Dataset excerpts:
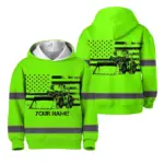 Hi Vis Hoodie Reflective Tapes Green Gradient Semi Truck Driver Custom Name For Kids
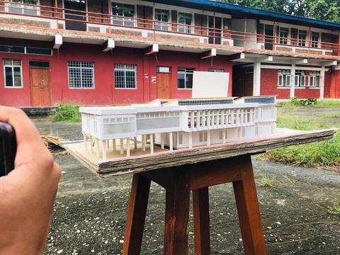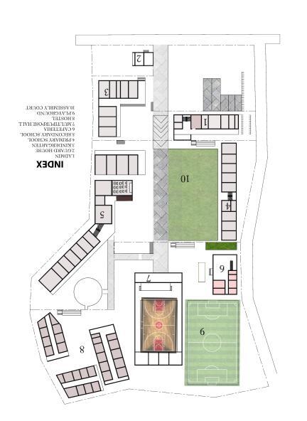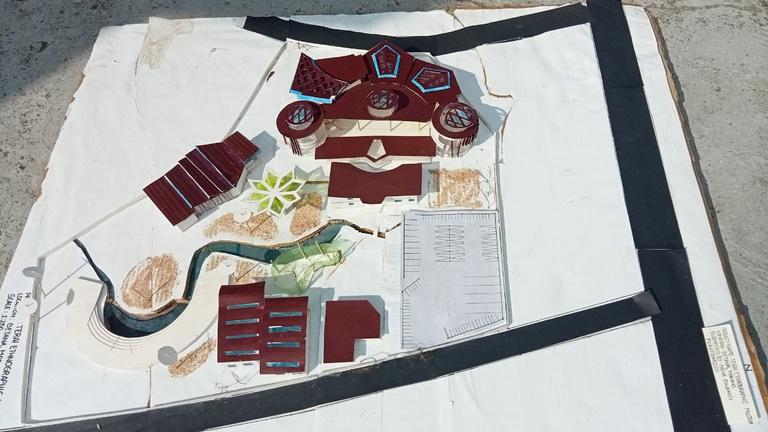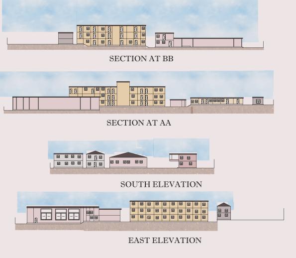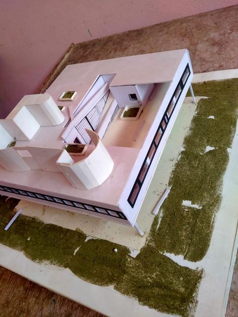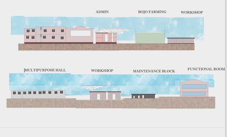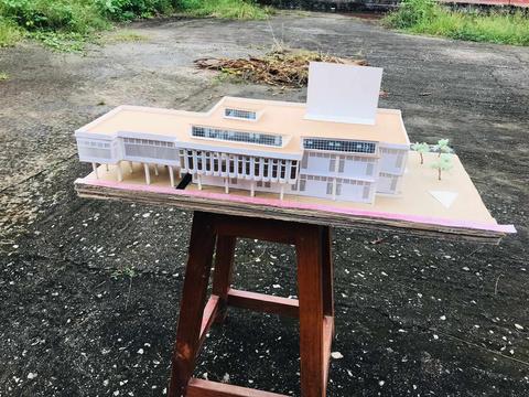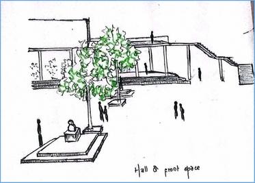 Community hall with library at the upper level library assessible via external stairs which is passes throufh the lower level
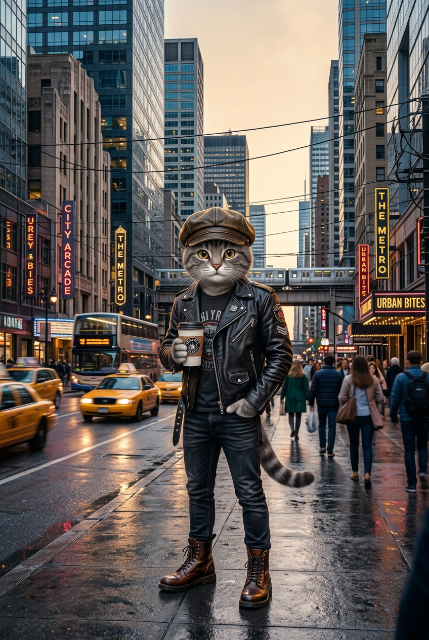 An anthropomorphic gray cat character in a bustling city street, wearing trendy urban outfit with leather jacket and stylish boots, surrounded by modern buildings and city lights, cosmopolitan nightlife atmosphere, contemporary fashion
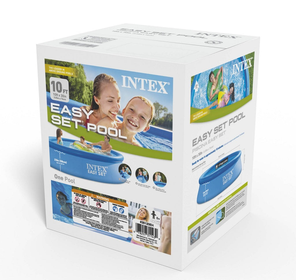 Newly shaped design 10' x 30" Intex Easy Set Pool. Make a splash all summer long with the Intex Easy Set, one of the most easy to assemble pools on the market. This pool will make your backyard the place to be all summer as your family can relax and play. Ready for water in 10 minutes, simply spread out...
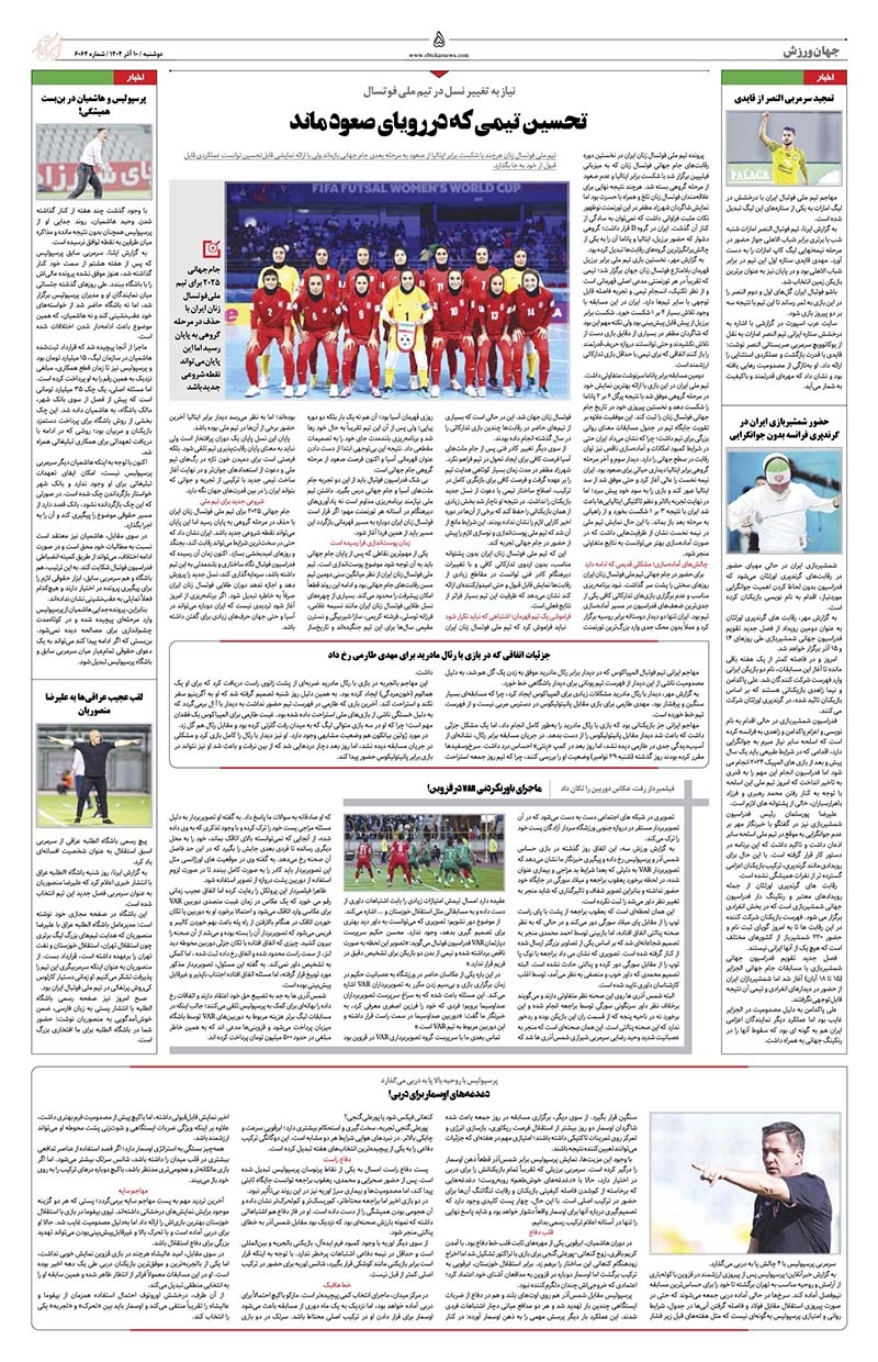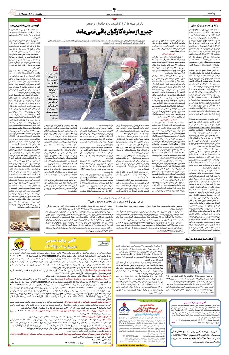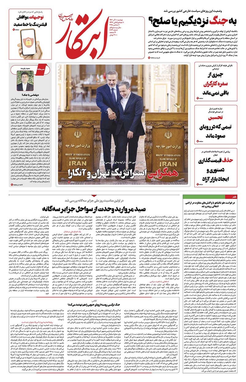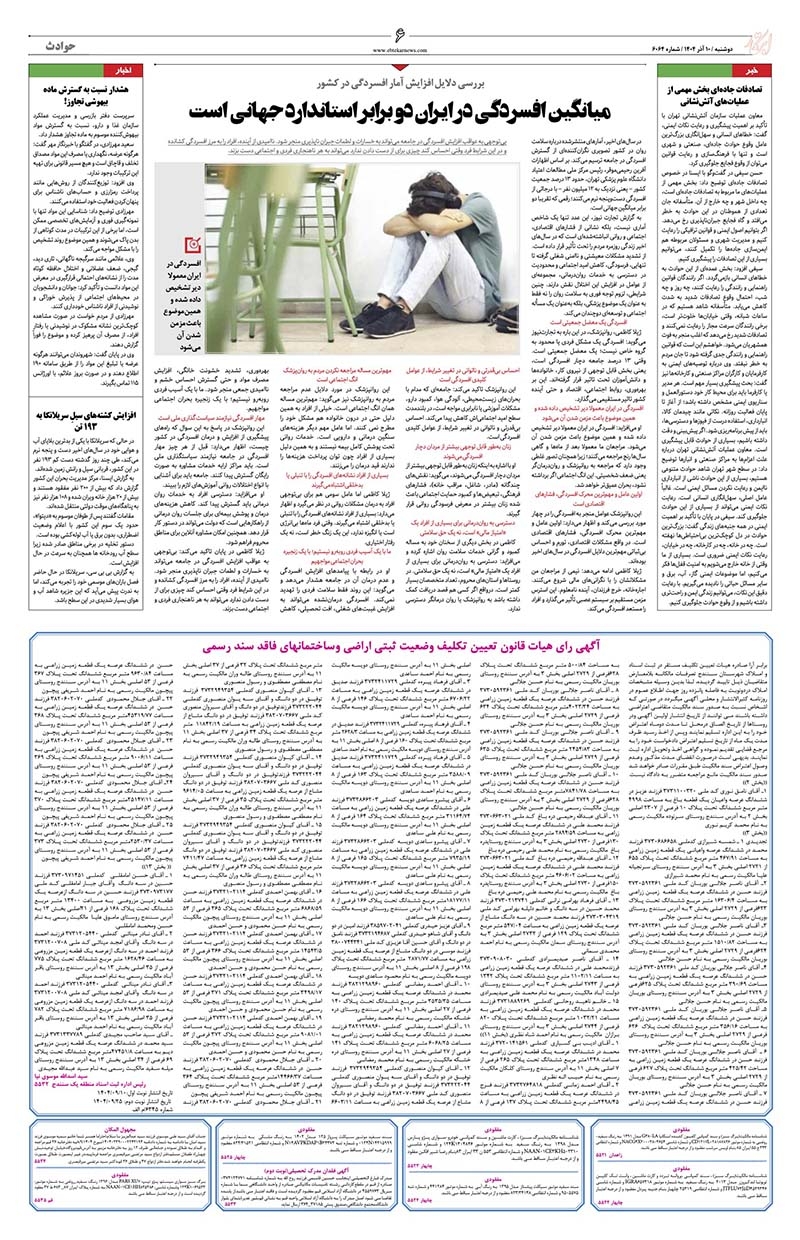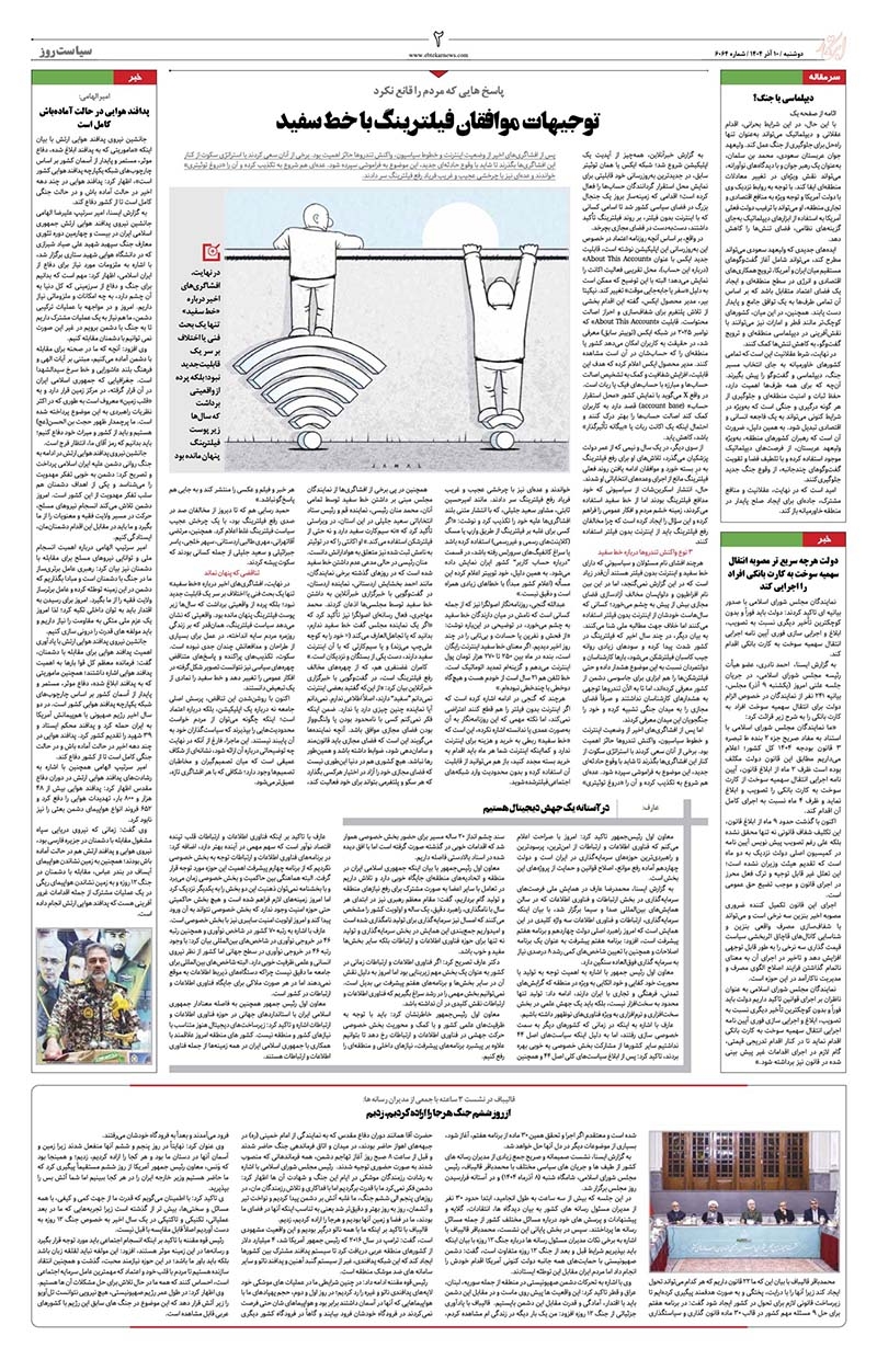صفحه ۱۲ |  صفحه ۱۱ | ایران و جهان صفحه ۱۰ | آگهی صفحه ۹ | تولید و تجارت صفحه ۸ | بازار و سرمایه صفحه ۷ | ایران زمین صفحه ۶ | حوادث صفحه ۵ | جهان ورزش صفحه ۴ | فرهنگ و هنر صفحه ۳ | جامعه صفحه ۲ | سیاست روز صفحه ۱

* _TASK INSTRUCTIONS_: Your copy should repeat each entry above exactly but contain no pictures.

* _RESULT FOR THIS EXERCISE_:
 Hi Vis Hoodie Reflective Tapes Green Gradient Semi Truck Driver Custom Name For Kids
 Community hall with library at the upper level library assessible via external stairs which is passes throufh the lower level
 An anthropomorphic gray cat character in a bustling city street, wearing trendy urban outfit with leather jacket and stylish boots, surrounded by modern buildings and city lights, cosmopolitan nightlife atmosphere, contemporary fashion
 Newly shaped design 10' x 30" Intex Easy Set Pool. Make a splash all summer long with the Intex Easy Set, one of the most easy to assemble pools on the market. This pool will make your backyard the place to be all summer as your family can relax and play. Ready for water in 10 minutes, simply spread out...
صفحه ۱۲ |  صفحه ۱۱ | ایران و جهان صفحه ۱۰ | آگهی صفحه ۹ | تولید و تجارت صفحه ۸ | بازار و سرمایه صفحه ۷ | ایران زمین صفحه ۶ | حوادث صفحه ۵ | جهان ورزش صفحه ۴ | فرهنگ و هنر صفحه ۳ | جامعه صفحه ۲ | سیاست روز صفحه ۱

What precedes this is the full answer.